Customer had replaced the plastic ferrule on the end of the pull switch cord with a really heavy polished marble thing which was almost closing the switch but not quite.

 
If you have a martindale voltage indicator that will tell you the truth.

 
I'd be interested in the answer to this TBH. 50v between L - N You wonder if the switch is tracking across or dampness in switch box. Lets face it , if that switch is off , 3mm gap and all that , the damn lights should be brown bread.

Customer fetched me back to a similar problem , job I had done in their bathroom , GU10 downlights flickering when off .

Customer had replaced the plastic ferrule on the end of the pull switch cord with a really heavy polished marble thing which was almost closing the switch but not quite.
Standard switches don't have the 3mm gap thing only double pole ones I have always thought if we did used double pole switches on lights it may save a bit of electric but probably barking up the wrong tree

 
Ive been back to this house again today and tested with an analogue meter a Robin SA9083 MK18 and there is definitely 50V on the line conductor at the ceiling rose when switched off. Am going to change the switch at the bottom of the stairs for a normal switch as the current one has a timer and photocell built into it which switches the light on when it gets dark and may be letting voltage through when switched off? If this doesnt work what else can you suggest to find where the voltage is coming from.

I could try switching other CPDs off to see if the voltage disappears?
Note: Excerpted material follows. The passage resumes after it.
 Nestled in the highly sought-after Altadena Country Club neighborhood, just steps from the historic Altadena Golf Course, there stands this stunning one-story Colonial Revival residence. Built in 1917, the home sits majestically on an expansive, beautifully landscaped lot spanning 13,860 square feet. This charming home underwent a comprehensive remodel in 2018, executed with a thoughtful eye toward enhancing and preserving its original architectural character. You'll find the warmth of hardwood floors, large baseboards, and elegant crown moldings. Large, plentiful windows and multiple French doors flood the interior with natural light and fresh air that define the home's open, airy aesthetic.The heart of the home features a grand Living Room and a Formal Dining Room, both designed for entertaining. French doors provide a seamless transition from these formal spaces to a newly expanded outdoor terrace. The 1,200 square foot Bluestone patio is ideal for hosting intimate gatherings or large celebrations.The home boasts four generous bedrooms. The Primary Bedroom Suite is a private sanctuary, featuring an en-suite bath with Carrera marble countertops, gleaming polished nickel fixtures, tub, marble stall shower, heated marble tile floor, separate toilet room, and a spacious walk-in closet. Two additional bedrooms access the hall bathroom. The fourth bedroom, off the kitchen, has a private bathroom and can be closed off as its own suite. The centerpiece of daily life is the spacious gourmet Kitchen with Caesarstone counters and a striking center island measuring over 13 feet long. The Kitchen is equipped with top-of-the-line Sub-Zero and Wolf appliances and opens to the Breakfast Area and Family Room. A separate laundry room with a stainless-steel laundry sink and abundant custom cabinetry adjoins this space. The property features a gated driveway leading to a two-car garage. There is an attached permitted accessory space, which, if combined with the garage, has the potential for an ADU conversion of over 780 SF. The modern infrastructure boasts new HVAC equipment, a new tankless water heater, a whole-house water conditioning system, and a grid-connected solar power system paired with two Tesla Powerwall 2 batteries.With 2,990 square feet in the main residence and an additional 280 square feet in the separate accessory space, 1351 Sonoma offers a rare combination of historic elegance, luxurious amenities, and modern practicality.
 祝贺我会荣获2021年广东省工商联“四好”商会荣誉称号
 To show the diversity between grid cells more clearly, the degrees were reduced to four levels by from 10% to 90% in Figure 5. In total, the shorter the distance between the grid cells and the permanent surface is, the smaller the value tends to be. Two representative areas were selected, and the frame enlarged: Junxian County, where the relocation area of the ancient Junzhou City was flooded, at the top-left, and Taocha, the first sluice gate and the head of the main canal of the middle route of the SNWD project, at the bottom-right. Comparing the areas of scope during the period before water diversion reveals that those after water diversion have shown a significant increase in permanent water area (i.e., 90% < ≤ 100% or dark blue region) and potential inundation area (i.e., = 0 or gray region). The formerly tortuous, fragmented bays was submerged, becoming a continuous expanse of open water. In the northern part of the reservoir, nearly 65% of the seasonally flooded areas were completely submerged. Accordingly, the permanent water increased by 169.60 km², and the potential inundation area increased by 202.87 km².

Also the guy who lives there asked me to ask on here if its been costing him money as if 50V has been sitting there trying to light the incandescent bulb up but not succeeding has this been consuming power?

Thanks

Matt

 
volts are free,its the amps that cost you money,

turn off the main switch, you still have 230v at it, but NO amps.
Can you expand on that a little please steps cant get my head round it being abit thick lol

 
until you start putting a load on then NO electrons(?) move, so no energy being consumed,

think of a hosepipe, there is water in it, but until you open the nozzle no water is being used.